Saved entries

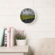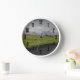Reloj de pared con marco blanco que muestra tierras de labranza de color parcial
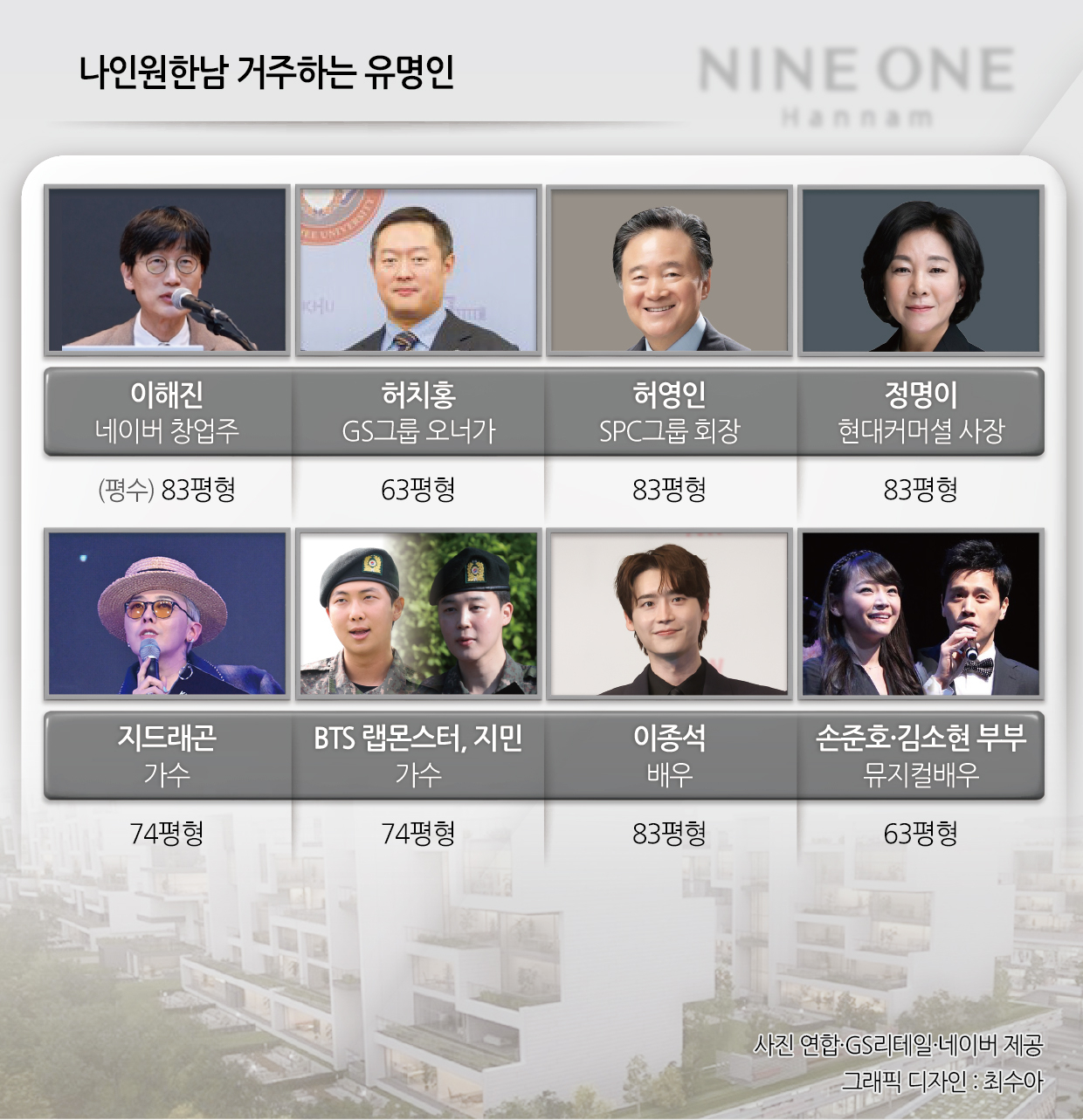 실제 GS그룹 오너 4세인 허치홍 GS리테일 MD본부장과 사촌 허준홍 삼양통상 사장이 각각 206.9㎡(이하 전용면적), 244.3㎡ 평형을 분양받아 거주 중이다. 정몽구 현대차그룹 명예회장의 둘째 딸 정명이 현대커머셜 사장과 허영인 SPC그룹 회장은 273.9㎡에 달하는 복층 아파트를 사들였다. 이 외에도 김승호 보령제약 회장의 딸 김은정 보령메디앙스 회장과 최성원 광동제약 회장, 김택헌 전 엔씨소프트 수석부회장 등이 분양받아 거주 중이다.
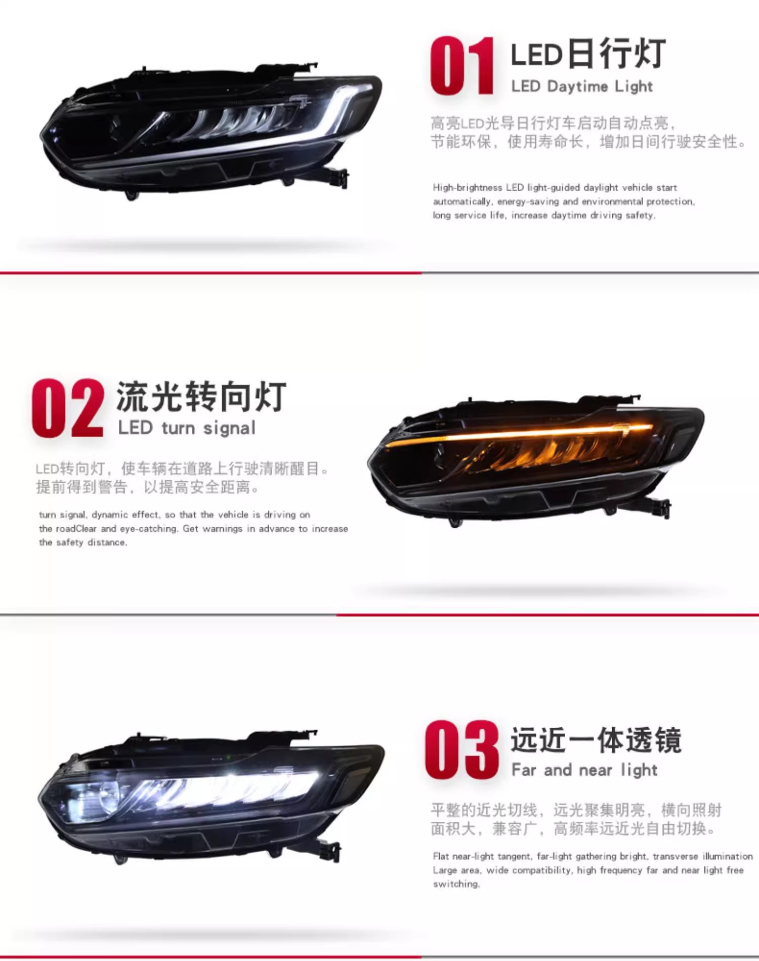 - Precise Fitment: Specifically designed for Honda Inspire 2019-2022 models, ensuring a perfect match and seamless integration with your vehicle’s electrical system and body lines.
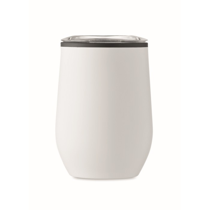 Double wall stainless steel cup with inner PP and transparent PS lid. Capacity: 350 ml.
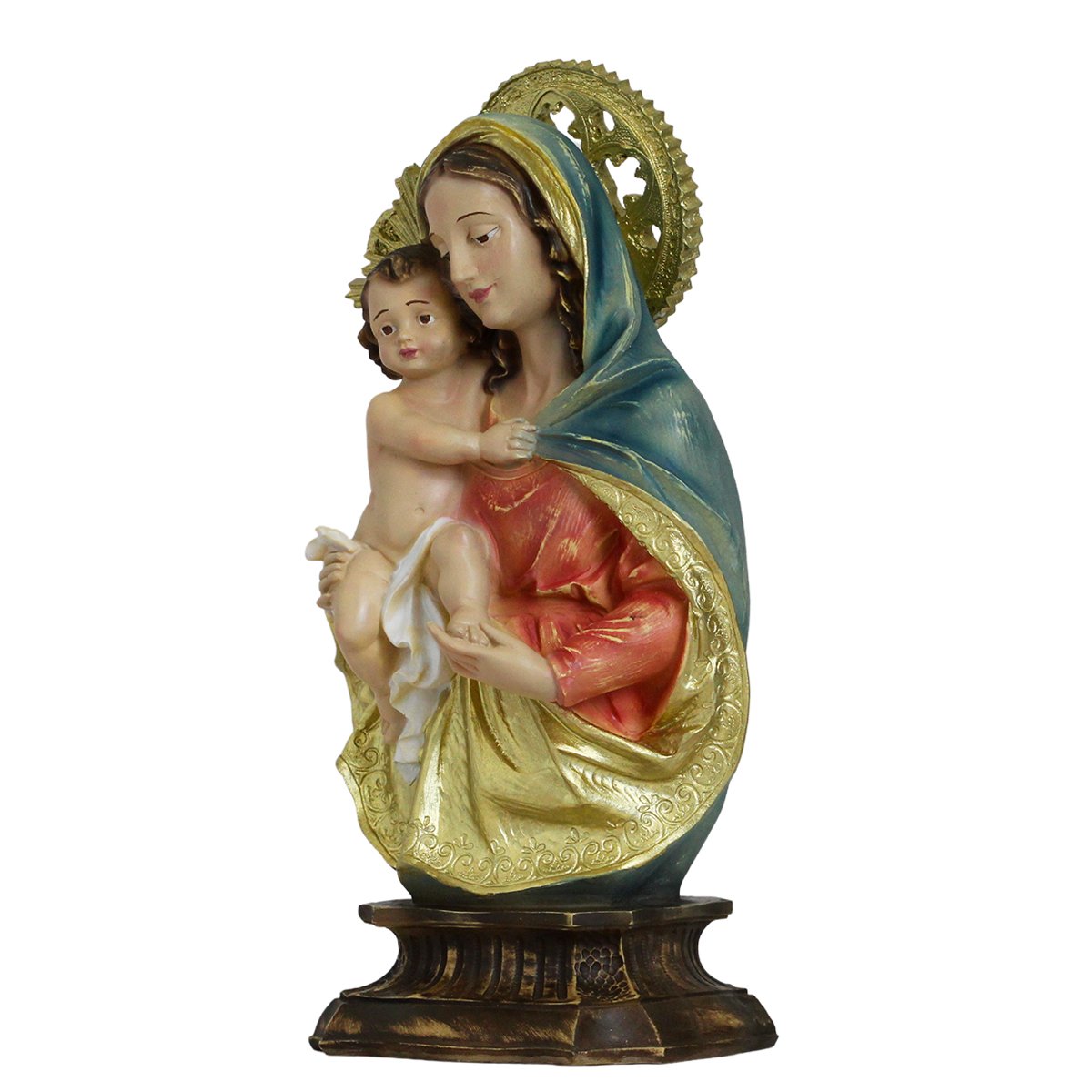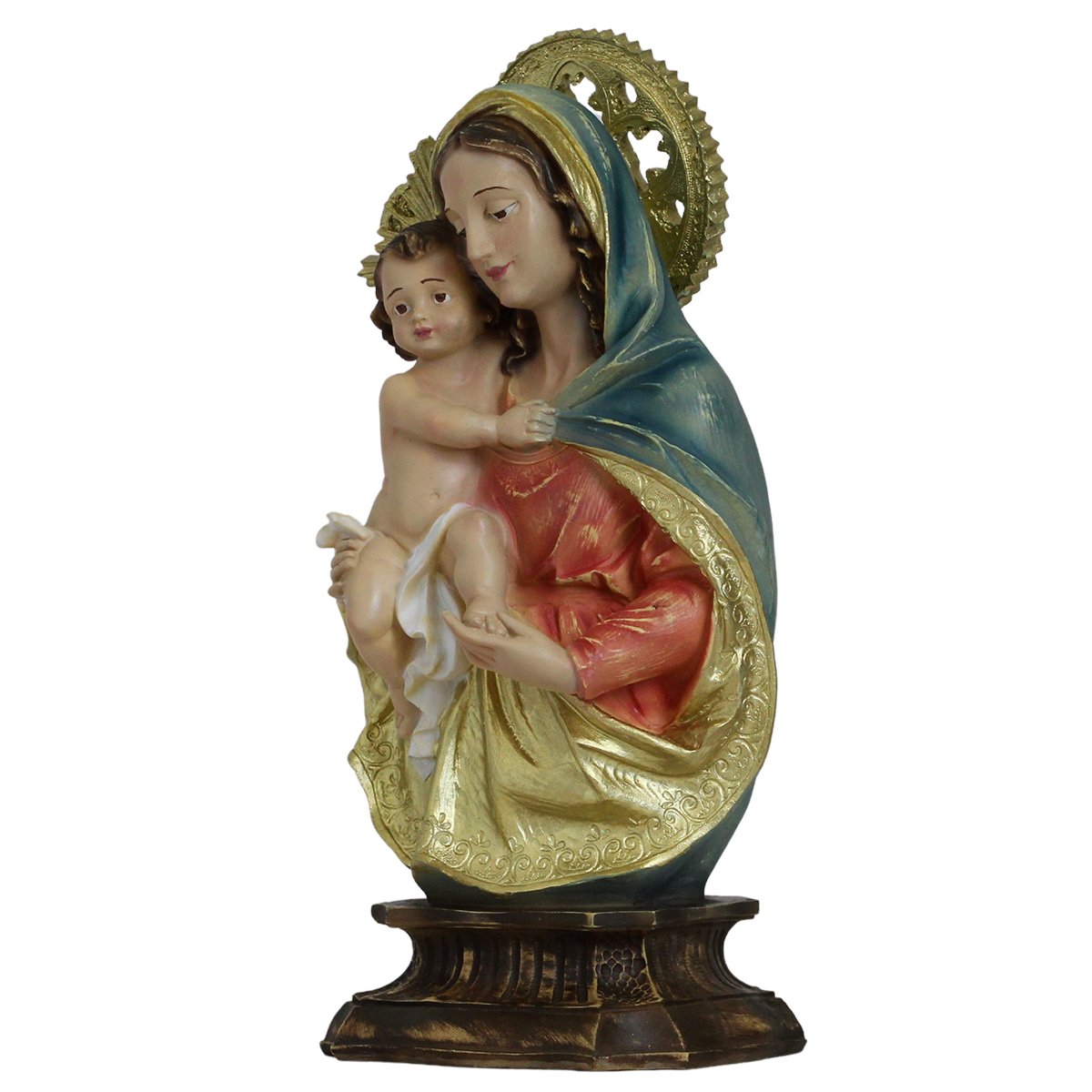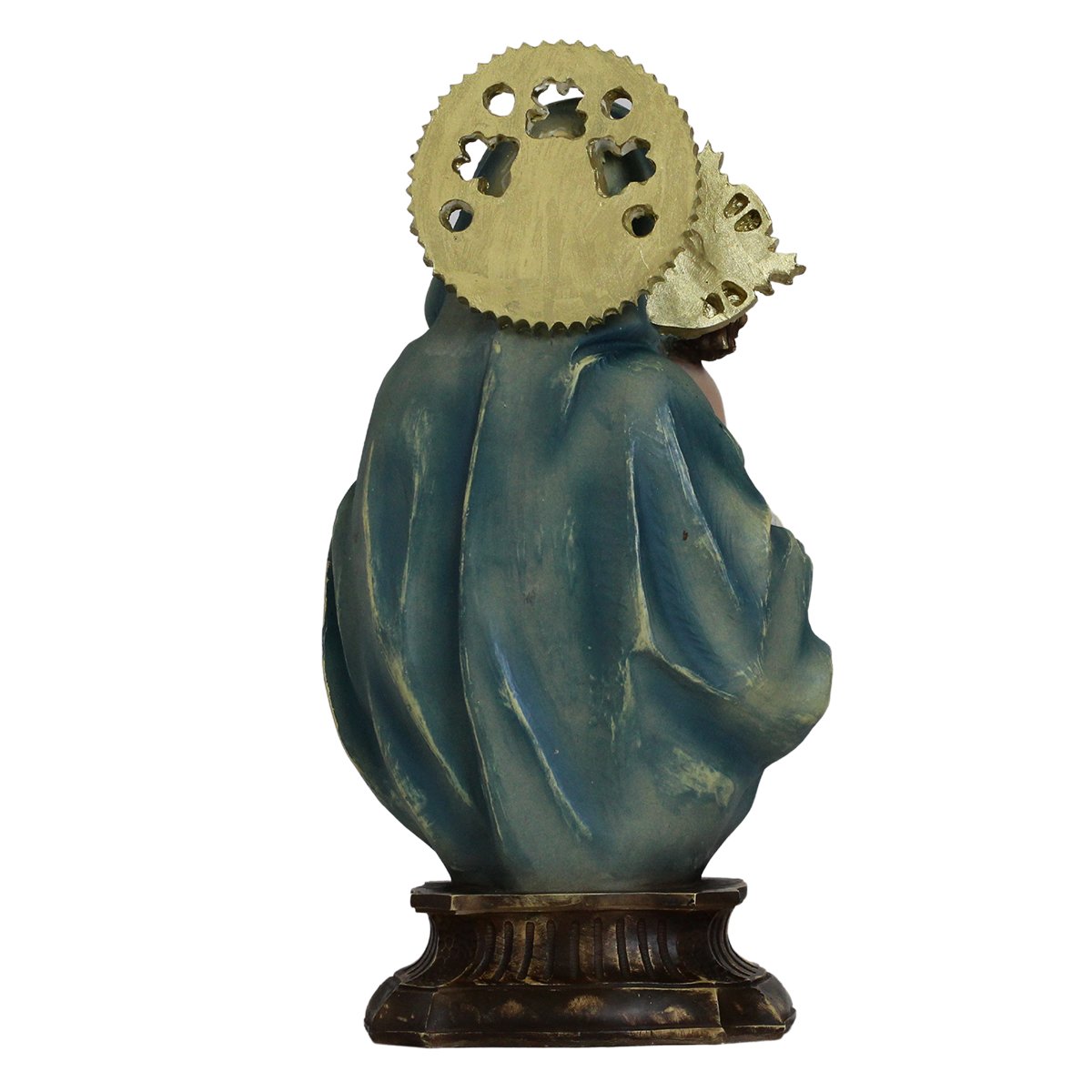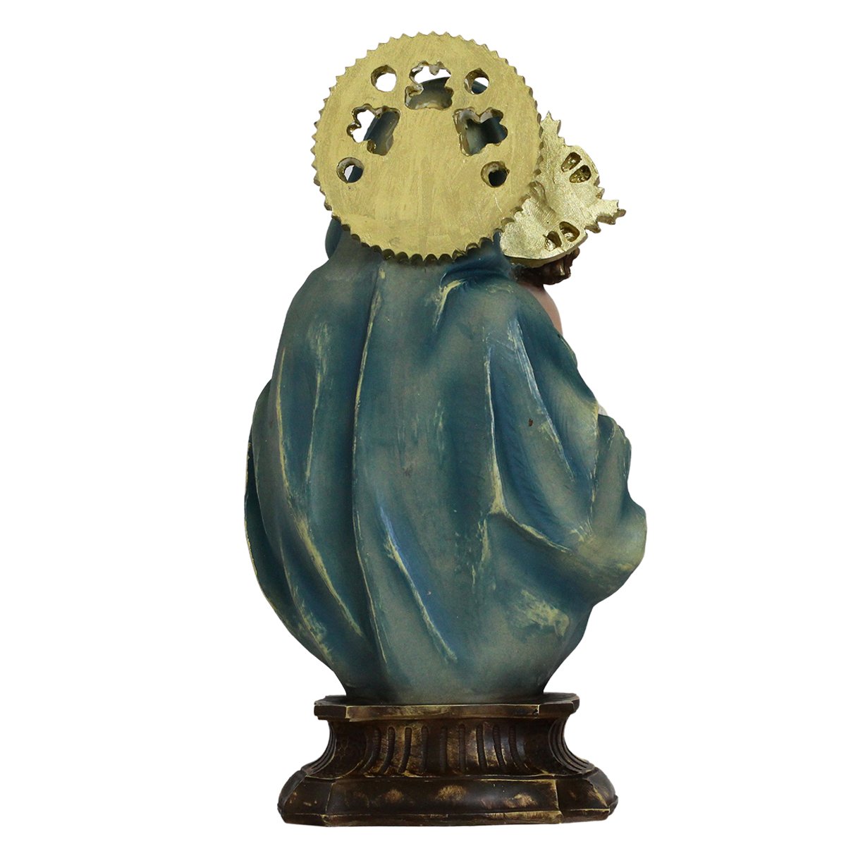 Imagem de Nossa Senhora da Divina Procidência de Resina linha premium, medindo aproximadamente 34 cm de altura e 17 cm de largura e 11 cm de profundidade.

Work order.
The answer must be an exact copy of the records, with no pictures in it.

Solution to the problem.
Reloj de pared con marco blanco que muestra tierras de labranza de color parcial
 실제 GS그룹 오너 4세인 허치홍 GS리테일 MD본부장과 사촌 허준홍 삼양통상 사장이 각각 206.9㎡(이하 전용면적), 244.3㎡ 평형을 분양받아 거주 중이다. 정몽구 현대차그룹 명예회장의 둘째 딸 정명이 현대커머셜 사장과 허영인 SPC그룹 회장은 273.9㎡에 달하는 복층 아파트를 사들였다. 이 외에도 김승호 보령제약 회장의 딸 김은정 보령메디앙스 회장과 최성원 광동제약 회장, 김택헌 전 엔씨소프트 수석부회장 등이 분양받아 거주 중이다.
 - Precise Fitment: Specifically designed for Honda Inspire 2019-2022 models, ensuring a perfect match and seamless integration with your vehicle’s electrical system and body lines.
 Double wall stainless steel cup with inner PP and transparent PS lid. Capacity: 350 ml.
 Imagem de Nossa Senhora da Divina Procidência de Resina linha premium, medindo aproximadamente 34 cm de altura e 17 cm de largura e 11 cm de profundidade.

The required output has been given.